- Founded: 2 August 1979 (46 years, 6 months)
- Country: Colombia
- Type: Coast guard
- Role: Admiralty law Maritime rescue Naval warfare
- Size: 777
- Part of: Colombian Navy
- Headquarters: Ministerio de Defensa Nacional, Bógota, D.C., Colombia
- Motto: Servir a la Humanidad Protegiendo la Vida en el Mar
- Colors: Red, Blue, Yellow>
- Anniversaries: 2 August
- Engagements: Colombian conflict
- Website: www.armada.mil.co/es/content/comando-de-guardacostas

Commanders
- Commander-in-Chief: President Gustavo Petro Urrego
- Commander of the Military: Francisco Cubides Granados
- Commandant of the Navy: Evelio Ramírez Gáfaro
- Commandant of the Caribbean: Alberto Gutiérrez Herrera
- Commandant of the Caribbean: Ibis Manuel Luna Forbes

Insignia

= Colombian Coast Guard =

The Colombian Coast Guard is the coastal defense, search and rescue, and maritime law enforcement branch of the Military Forces of Colombia. Equipped with modern electronic surveillance and location systems at land stations, the Coast Guard covers the Caribbean and Pacific coasts and focuses on the repression of crime at sea, the control of the preservation of the marine environment and search and rescue operations.

The National Navy, through the Coast Guard, is a military maritime service which performs public safety and environmental functions, as well as protecting economic interests in the maritime areas under its jurisdiction, including the coasts, ports and internal waters of the country. Its characteristic mix of military capabilities, defense and support in humanitarian assistance operations, serves the country in five main functions, which are: sea safety, sea control, sea transit and MIOs.

==History==
Decree 1874 of August 2, 1979, signed by the President of the Republic of Colombia, created the Coast Guard dependent on the National Navy, with functions within marine waters jurisdictions.

Since then, the Coast Guard, which depends on the National Navy, has a Command, a Maritime Safety Department and an Administrative Department.

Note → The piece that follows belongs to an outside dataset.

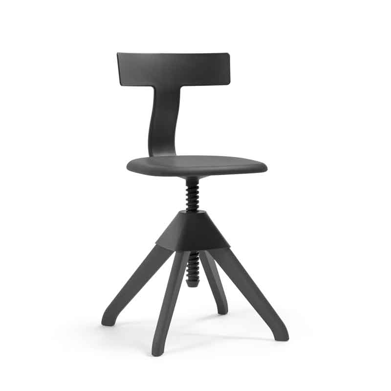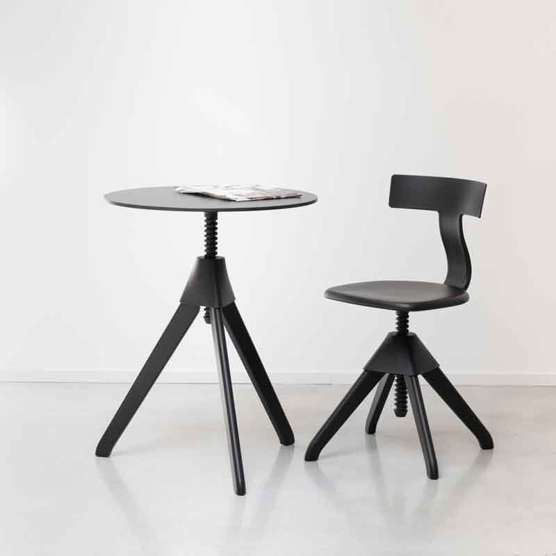 座面をまわすことによって昇降する機能が、デザインの要になっているサイドチェア。

It also has 13 units afloat, crewed by 171 sailors, operating in the Colombian Atlantic. They are responsible for ensuring maritime security and the interests of the nation in the areas of jurisdiction.

In 1993, the Coast Guard activated a Command in the Pacific to attend simultaneously to both seas and thus fulfill its functions of defense of national sovereignty, control of fishing, repression of contraband, search and rescue, protection of the marine environment and natural resources.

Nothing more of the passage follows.